The generation of oxygen free radicals are important mediators of cell
death.

Ischæmic And Hypoxic Injury:

Reversible injury: The first effect of hypoxia is on the ærobic
respiration (oxidative phosphorylation by mitochondria), consequently
resulting in reduced intracellular ATP which in turn results in influx of
extracellular calcium and reduction of the plasma membrane sodium pump
with accumulation of intracellular sodium and diffusion of potassium out of
the cell, with consequent gain in isosmotic water producing acute cellular
swelling. This is associated with accumulation of other metabolites like
inorganic phosphates, lactic acid and purine nucleotides.
Decreased ATP and AMP results in stimulation of phosphofructokinase
and an increased rate of anærobic glycolysis.

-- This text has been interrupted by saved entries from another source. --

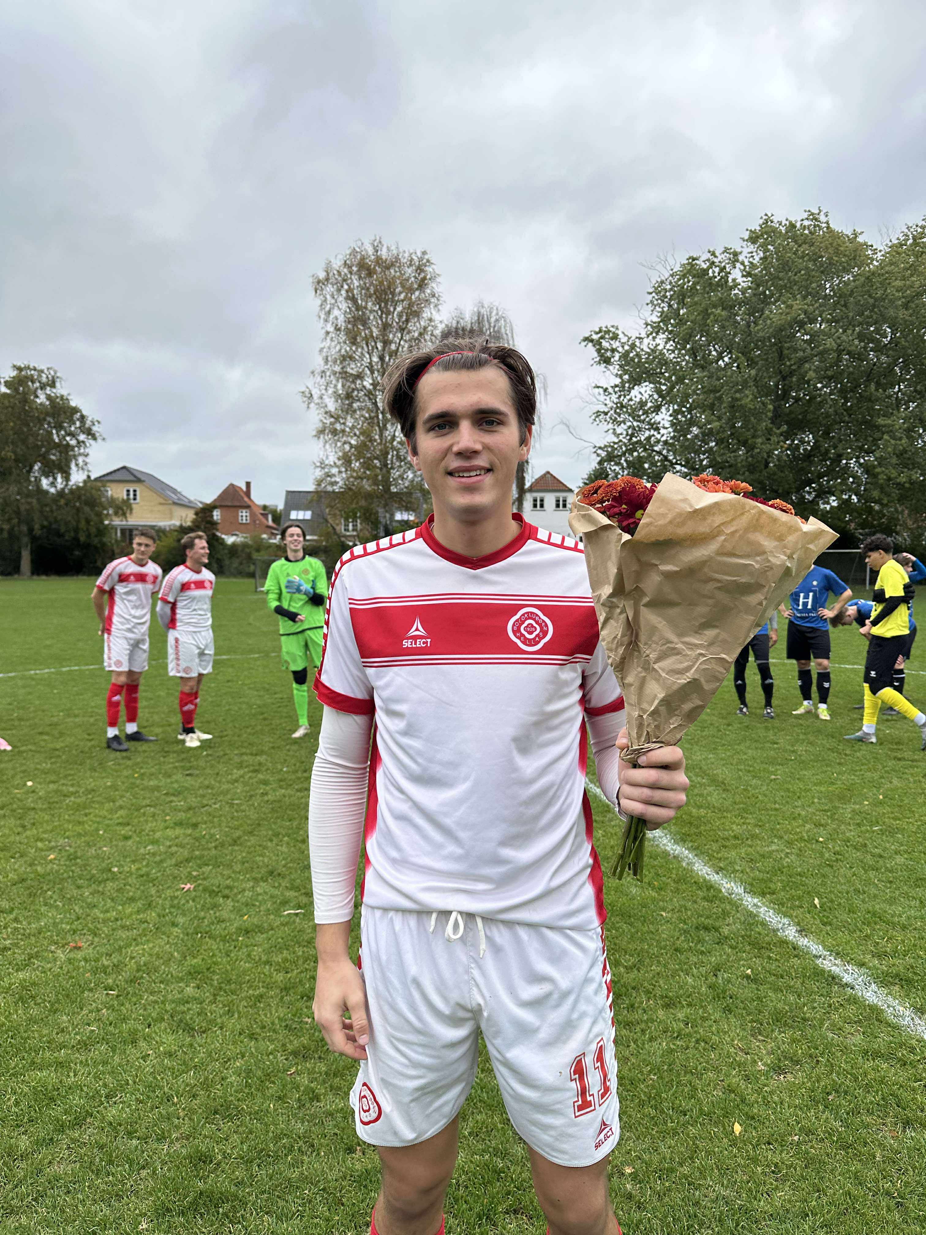 I sidste weekend fik Felix Monrad blomster for hans 100 kampe for 1. herresenior.
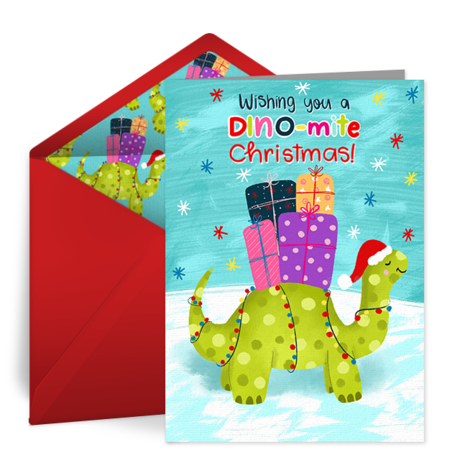 • Dino-mite Christmas: Attach a digital gift card from retailers like Target or the Apple Store and help your young ones celebrate with these adorable Dinosaur-themed Christmas Cards!
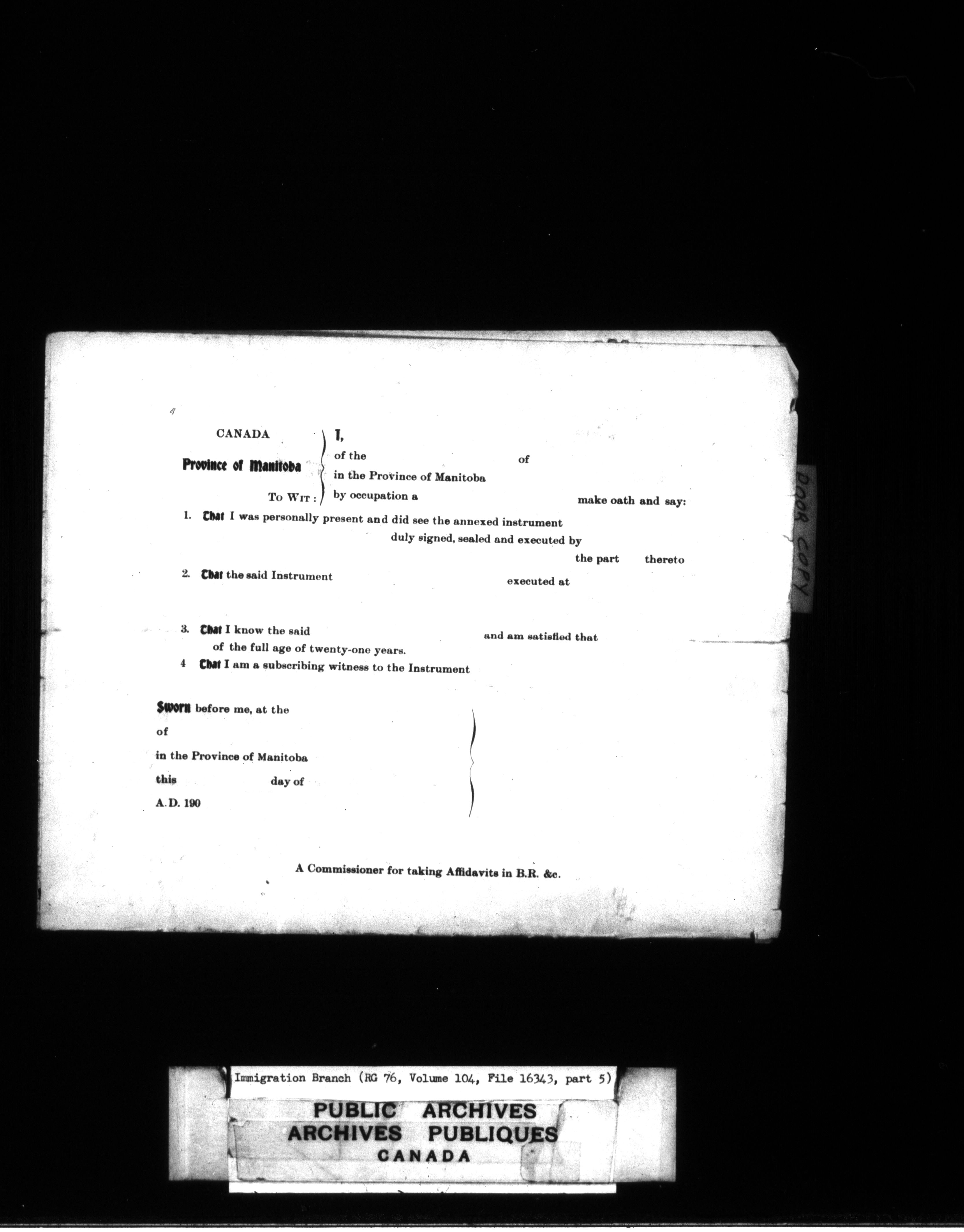 Subject, policy and case files in the First Central Registry series of the Immigration Program, 1892-1950 - 4767

As a result, glycogen is rapidly
depleted, with accumulation of lactic acid and inorganic phosphates and
reduced intracellular pH, seen under the light microscope as cytoplasmic
eosinophilia.
Detachment of ribosomes from RER occurs with consequent reduction
of protein synthesis. If hypoxia continues, the cytoskeleton disappears
resulting in loss of ultrastructural features like microvilli and formation of cell
surface blebs.
Irreversible Injury: Is seen as 1. Severe vacuolization of mitochondria
and accumulation of calcium particles. 2. Extensive damage of plasma
membrane. 3. Swelling of lysosomes. 3. Reperfusion of oxygen results in
calcium mediated injury. 4. Continued loss of proteins, coenzymes and RNA
from the hyperpermeable membranes, with leak of lysosomal enzymes into
the cytoplasm, where they are activated by the reduced pH starting degrading
the cytoplasmic components. 5. Dead cells may be replaced by whorled
masses of phospholipids (myelin figures).
Mechanisms of Irreversible Injury:

1. Progressive loss of membrane phospholipids.
2. Cytoskeletal abnormalities: Activation of proteases and increased
calcium may result in detachment of the cell membrane.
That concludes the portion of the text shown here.